Home > Companies > Social media app erodr establishes itself at Mizzou, expands to 15 schools

Social media app erodr establishes itself at Mizzou, expands to 15 schools

Drew Halliday had his biggest “ah-ha” moment while sitting in class at the University of Missouri—more than a third of the students around him were checking social media, but none were invested in the social opportunities available nearby.

“I found it slightly strange that we were all kind of buried into our technology, looking at information that comes from outside of the room,” Halliday (right) said in a phone interview. “I think all students inside of the classroom are inherently interested in each other, but there’s no easy way for students inside of a classroom to connect with each other.”

The solution became erodr, a social media app that sets a limit on the time and distance range of posts. With advice from his father, also a tech entrepreneur, Halliday launched the first prototype in August 2012. In November 2012 the app launched in the Apple store, and by January the app’s popularity was increasing rapidly.

Today about 20 percent of the school’s students—about 8,700—are “rodies,” a nickname for the app’s users. The app has more than one million refreshes each week at Mizzou alone. The app’s now open at 15 college campuses across the U.S.

Users set up a profile on the app, which requires a verifiable student email, name and photo. The app’s “streamer” shows posts from all the rodies within a chosen range. 

Halliday said this unique interface encourages users to share their interests and make connections to those nearby. A focus on the present aims to distinguish the app from other social media platforms, such as Facebook and Twitter.

“Facebook is not going to be replaced by erodr in the sense that there will always be a need for Facebook to connect you with your past,” Halliday said. “But what erodr’s designed to do is connect you with the present, and people who are in the same local space as you.”
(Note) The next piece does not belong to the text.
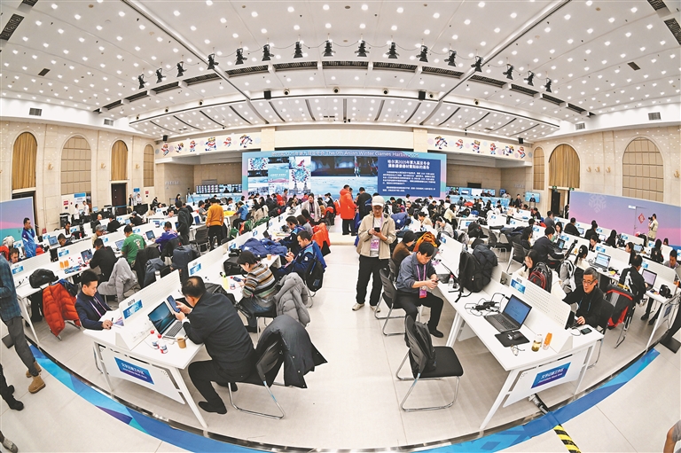 第九屆亞冬會(huì)主媒體中心(MPC)分為主新聞中心和國際廣播中心兩個(gè)部分,為注冊(cè)媒體記者和轉(zhuǎn)播商的工作提供保障服務(wù)。亞冬會(huì)開幕后,MPC里就坐滿了來哈爾濱采訪的各國記者,他們?cè)谶@里寫稿,向各地發(fā)送有關(guān)亞冬會(huì)的最新信息和比賽結(jié)果,他們也在這里相互交流,成為異國朋友。

Posts remain in the app for a limited amount of time—users either set their own time limit on a post or rodies, pronounced “road-ies,” in the area like or dislike posts to affect how long they stay in the app. Users also can post anonymously or filter posts by categories, such as men or women only.

Its time-restrained posts and anonymous option offers users more privacy online. Sites like Facebook establish a social identity for students and Twitter has no “delete all” button for removing an online presence, Halliday said. Many students don’t want something they post on social media to hang over them.

“All content is erased from our servers after it expires,” Halliday said. “What we’re trying to do is make it so everything you do isn’t hanging over you for the rest of your life. That doesn’t mean that we support or encourage behavior that’s adverse to regular social networks, it just means that we’re not archiving and owning all of your information like Facebook does.”

Earlier this month, Halliday moved to Palo Alto, Calif., to expand erodr. The company’s currently in a temporary space, but Halliday is looking to grow his team and app.

From the start, community building has been Halliday’s top priority—erodr hasn’t made any money yet, but Halliday isn’t worried. He said he has seen tremendous growth and adoption of the app.

“I see it being the social network of choice for college students,” Halliday said.